Southern’s Georgia Power Co. is building two nuclear reactors from scratch — with the help of a billion-dollar federal loan guarantee. The project is more than three years behind schedule, and reasons range from components that weren’t shipped on time to paperwork that lacked all of the documents, or documents that were without signatures. The same has happened at SCANA Corp.’s Virgil C. Summer Nuclear Generating Station project, which is using the same reactor design and contractors.

Southern also is looking ahead at nuclear. Georgia Power is pushing state utility regulators to let the company spend $175 million on licensing applications for two more reactors in the western part of the Peach State.

And not all of the electric company’s models show a need for nuclear in the future. More than half show no need for nuclear in the next 30 years, and one shows a need in 17 years (EnergyWire, July 18).

Besides Southern, the Tennessee Valley Authority is the only utility considering building nuclear. TVA is the first company in the United States to officially explore the option of building small modular reactors.
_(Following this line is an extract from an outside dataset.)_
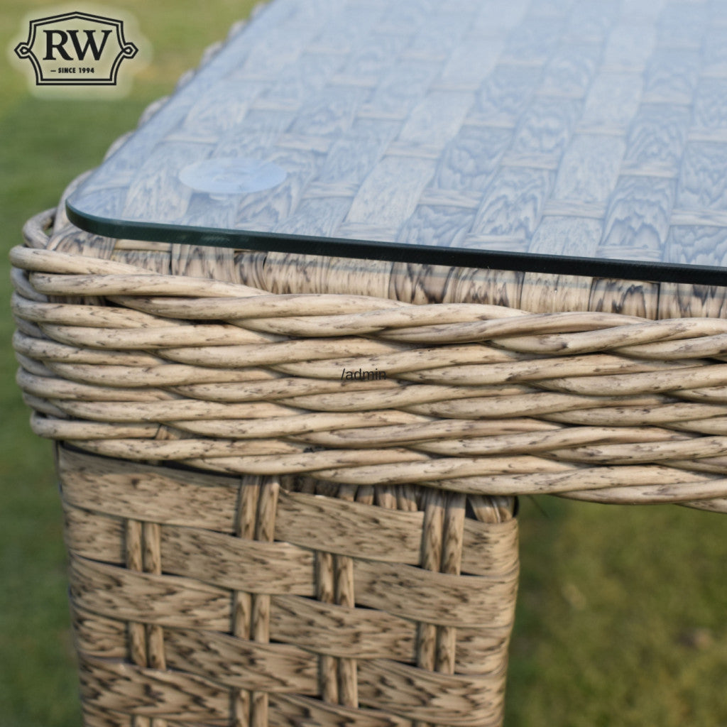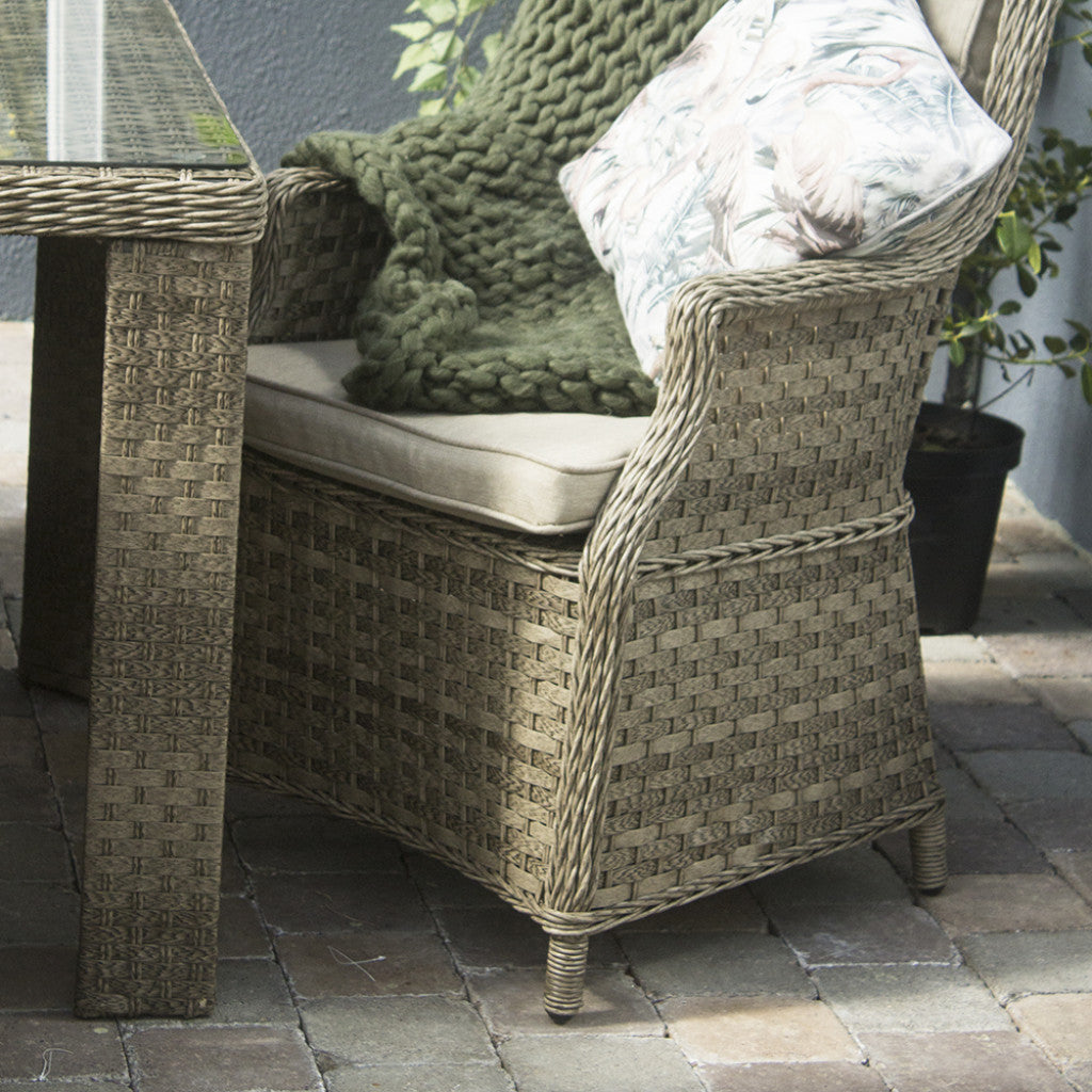 The Hampton ‘Alfresco’ range delivers exactly this and like all Rathwood Furniture, it’s designed with the best all-weather rattan, crafted from a high-quality PPE material with varied textures and tones woven around 1.2mm thick cast aluminium frames meaning this set will not rust and is fine to be left outdoors. The table top is made with rattan over a Polywood frame and for 2020 comes with a glass top made with 5mm tempered glass for safety. All cushions are easy to clean and made exclusively of the highest quality UV-protected & weatherproof materials. There is little to no maintenance on this set making it the perfect addition to your home! It comes with a 5-Year Structural Guarantee but please note the glass is not covered by the guarantee. There is a minimal, straightforward assembly required.
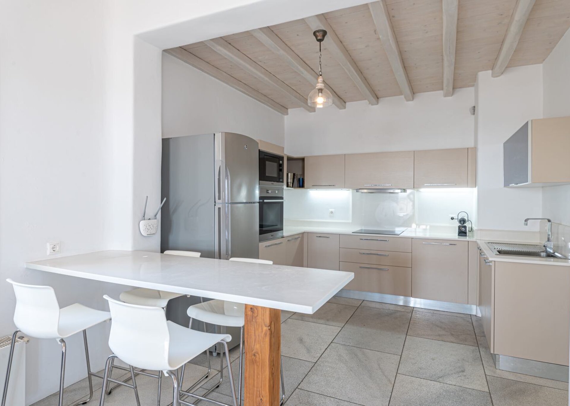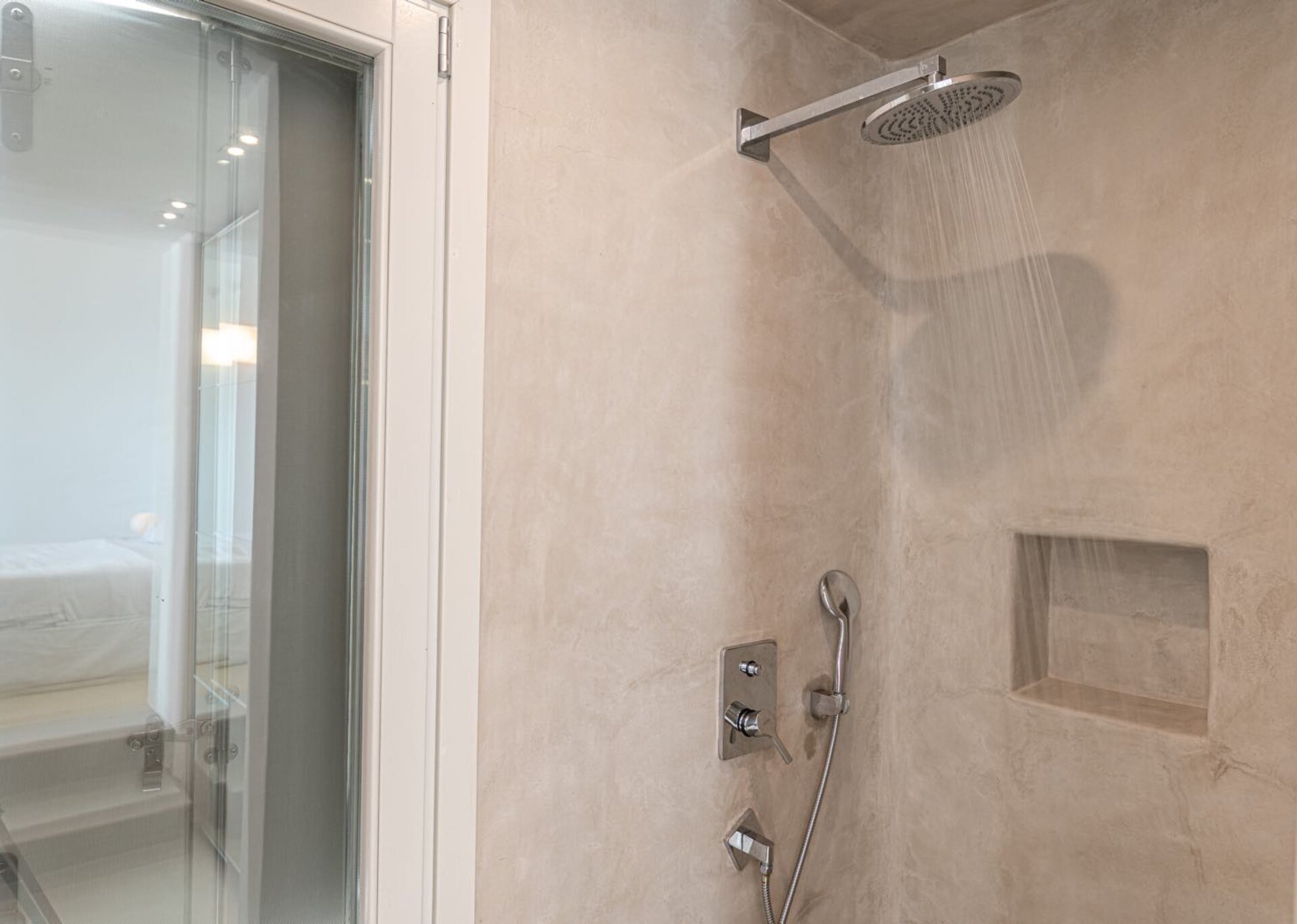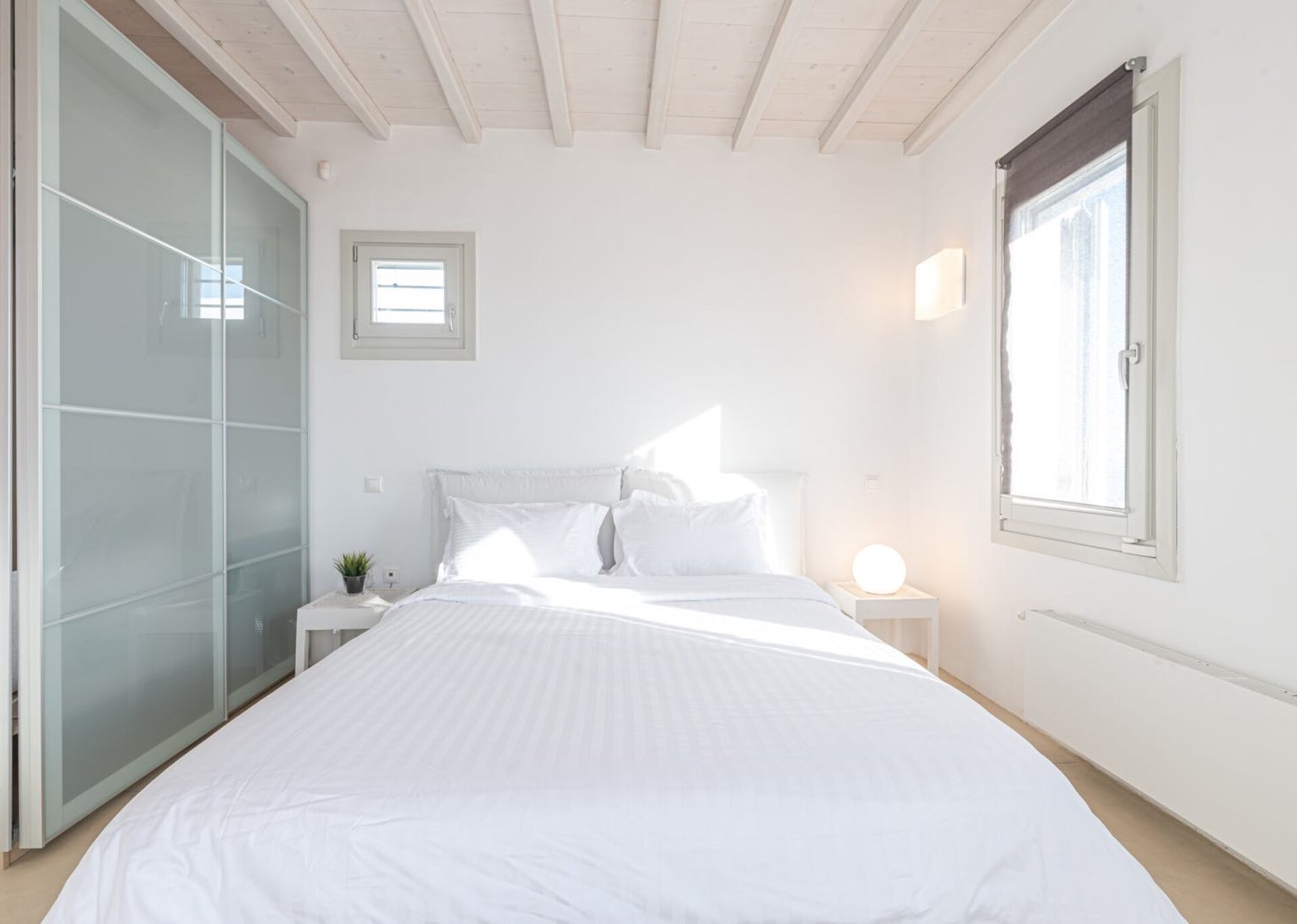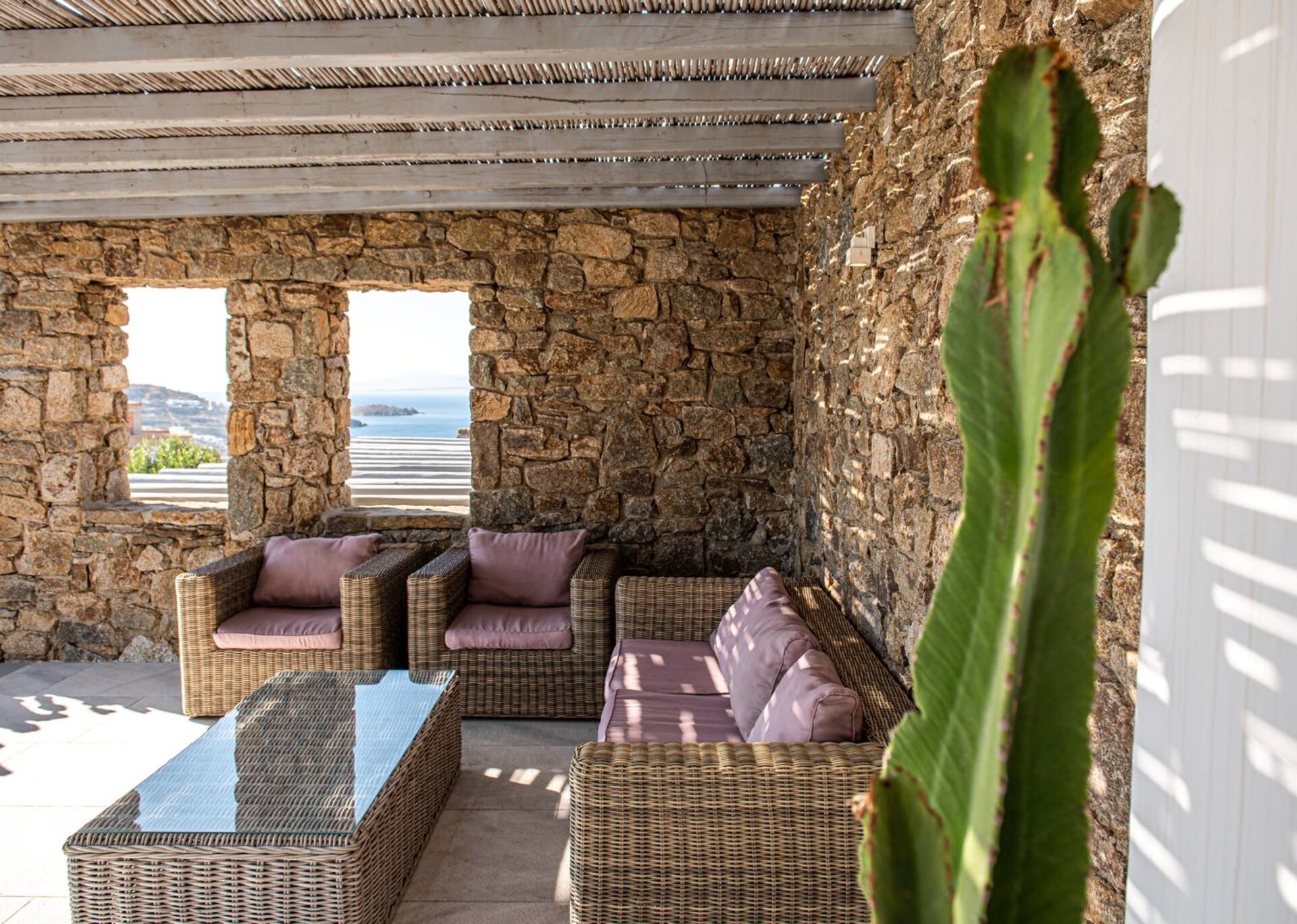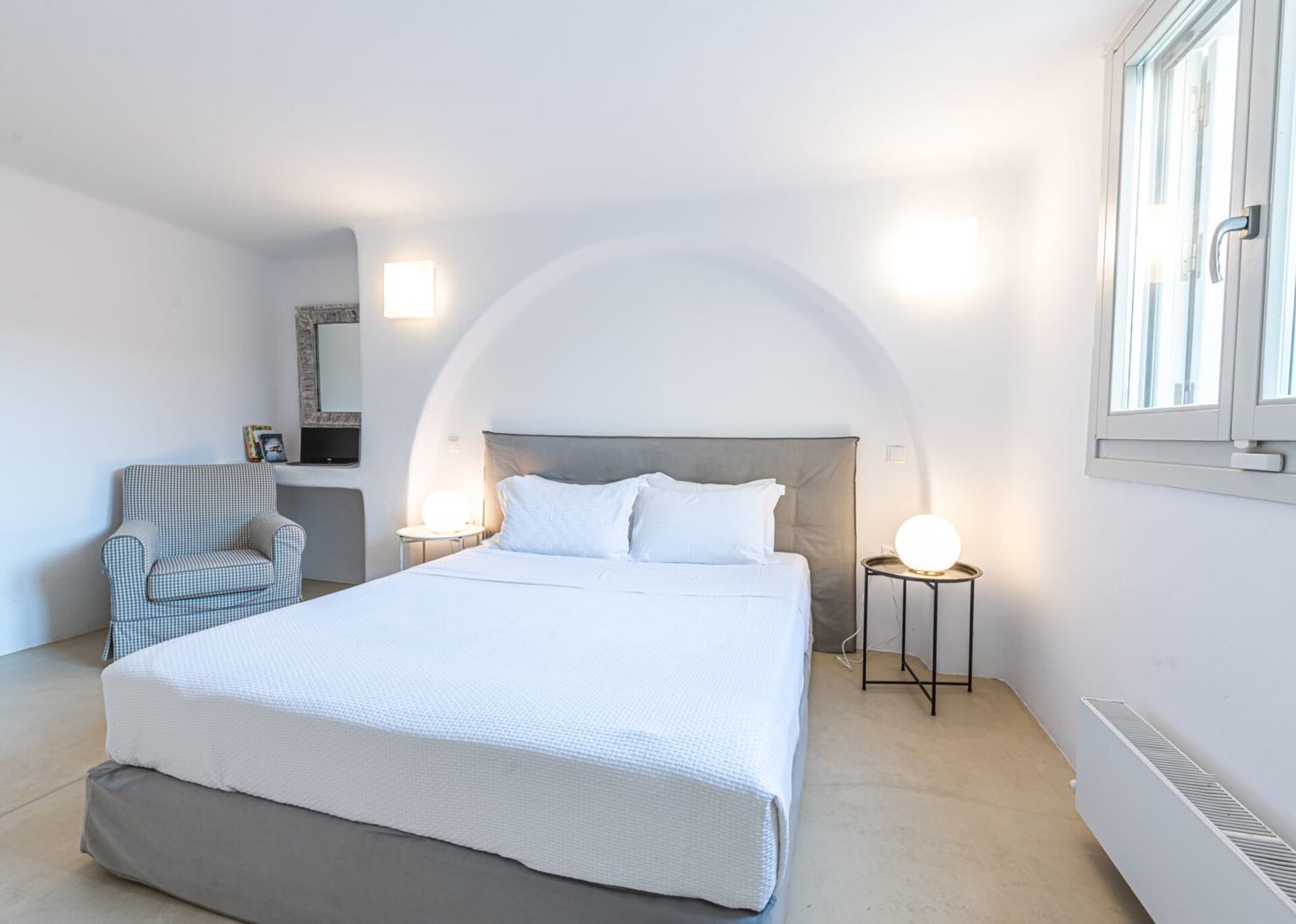 Indoor and outdoor luxury is foremost in this villa to delight in Mykonos style. The grand covered outdoor terrace commands a spectacular view which you can enjoy seated in the comfortable outdoor living area. Inside, enjoy casual snacks or morning coffee at the breakfast table next to the modern kitchen. Fully equipped, the kitchen has everything you need to prepare a feast for your guests. The indoor dining area and living room are open and spacious with windows and doors which open to the view.

Duke Energy Corp. and Florida Power & Light Co. continue to pursue regulatory licenses to build reactors in South Carolina and Florida, respectively. Both have said their projects would have to make economic sense, but with natural gas prices where they are, that’s currently unlikely.

"There’s no question that the industry is facing substantial and aggressive economic and competitive pressure, and it behooves the operators and the regulators to look at lower costs that would not jeopardize safety," Patterson said.